## Records supplied
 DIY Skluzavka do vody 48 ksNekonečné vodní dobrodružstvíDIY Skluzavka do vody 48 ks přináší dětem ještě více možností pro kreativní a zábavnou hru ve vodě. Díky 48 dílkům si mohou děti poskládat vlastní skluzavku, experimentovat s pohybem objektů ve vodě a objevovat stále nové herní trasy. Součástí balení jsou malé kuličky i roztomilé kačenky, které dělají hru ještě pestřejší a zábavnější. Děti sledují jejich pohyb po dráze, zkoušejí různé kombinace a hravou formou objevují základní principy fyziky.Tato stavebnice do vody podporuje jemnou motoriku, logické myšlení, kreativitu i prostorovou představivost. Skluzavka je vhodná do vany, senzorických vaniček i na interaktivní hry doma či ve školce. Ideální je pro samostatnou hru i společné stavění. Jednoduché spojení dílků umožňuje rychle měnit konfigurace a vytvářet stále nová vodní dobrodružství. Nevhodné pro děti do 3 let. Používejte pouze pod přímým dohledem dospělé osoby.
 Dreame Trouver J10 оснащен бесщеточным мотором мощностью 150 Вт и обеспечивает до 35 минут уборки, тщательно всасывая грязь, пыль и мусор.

...

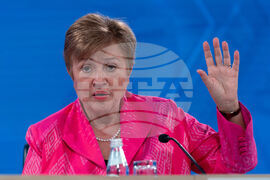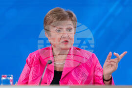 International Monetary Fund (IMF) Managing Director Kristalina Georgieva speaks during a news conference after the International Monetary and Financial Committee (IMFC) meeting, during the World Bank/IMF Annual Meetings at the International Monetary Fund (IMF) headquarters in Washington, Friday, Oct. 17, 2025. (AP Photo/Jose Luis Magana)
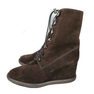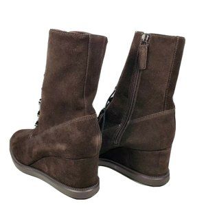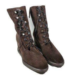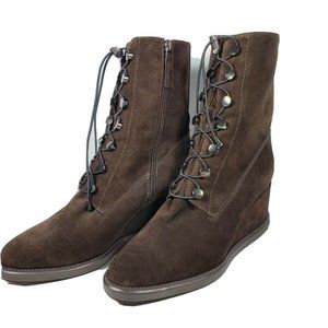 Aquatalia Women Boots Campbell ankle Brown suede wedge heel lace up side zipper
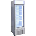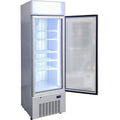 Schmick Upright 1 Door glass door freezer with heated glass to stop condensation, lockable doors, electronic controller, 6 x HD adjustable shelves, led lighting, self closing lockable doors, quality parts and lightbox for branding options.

## How to complete this task
What you return must match the lines above from the one with "International Monetary Fund (IMF) Managing" through the one with "Schmick Upright 1" exactly, with both ends included and the pictures excluded.

## Exercise answer
 International Monetary Fund (IMF) Managing Director Kristalina Georgieva speaks during a news conference after the International Monetary and Financial Committee (IMFC) meeting, during the World Bank/IMF Annual Meetings at the International Monetary Fund (IMF) headquarters in Washington, Friday, Oct. 17, 2025. (AP Photo/Jose Luis Magana)
 Aquatalia Women Boots Campbell ankle Brown suede wedge heel lace up side zipper
 Schmick Upright 1 Door glass door freezer with heated glass to stop condensation, lockable doors, electronic controller, 6 x HD adjustable shelves, led lighting, self closing lockable doors, quality parts and lightbox for branding options.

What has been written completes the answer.